Ukrainian veterans' motorcycle club

MEMORIA MMC (full name: Military Motorcycle Club “MEMORIA”) is a Ukrainian veterans' motorcycle club founded on 29 July 2023 by Artem Grot, a veteran of the Special Operations Forces of the Armed Forces of Ukraine. The club unites active-duty service members and veterans of the Russo-Ukrainian War and is involved in the development of the veterans' community.

In its own materials, MEMORIA MMC positions itself as the first Ukrainian military motorcycle club.

The club was formed as a community whose goals include honoring the memory of fallen comrades, preserving the culture of brotherhood, and implementing sports, educational, and social initiatives within the veterans' environment.

== History ==

The idea of creating the club is associated with Aliaksiej Skoblia, a service member of the Special Operations Forces of the Armed Forces of Ukraine who was killed on 13 March 2022 during the defense of Kyiv Oblast in the village of Moshchun.

According to club members, he had aspired to create a veterans' motorcycle club as a way to unite his comrades.

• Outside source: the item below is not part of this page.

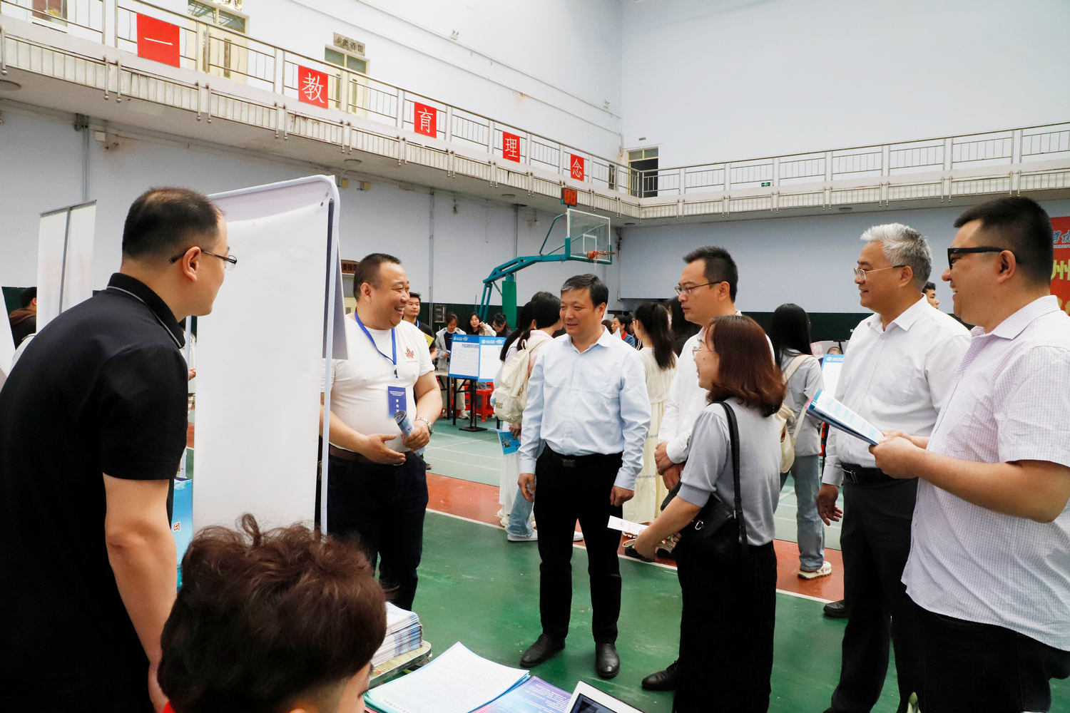 5月11日,今年会在体育馆举办校友企业专场招聘会,学校党委委员、副校长李甲亮、蒋涛涛到现场指导工作。就业指导处、合作发展处、团委及各二级学院负责人参加招聘会。

After his death, the initiative was carried out by Artem Grot, who founded MEMORIA MMC and, together with club members, granted Aliaksiej Skoblia the status of president of the club posthumously.

The club was officially established on 29 July 2023 in Kyiv.

The club's official slogan is “Ride and fight”.

Club symbolism: “On the backs of their vests is a flaming skull wearing a military beret. This is a fallen comrade that every club member has” — Serafym Hordiienko, a club member.

== Activities ==

MEMORIA MMC engages in activities supporting veterans and developing the veterans' community. Its main directions include organizing motorcycle rides and memorial events, participating in charitable initiatives, supporting service members and veterans, holding sports and social events, and building a community of mutual support.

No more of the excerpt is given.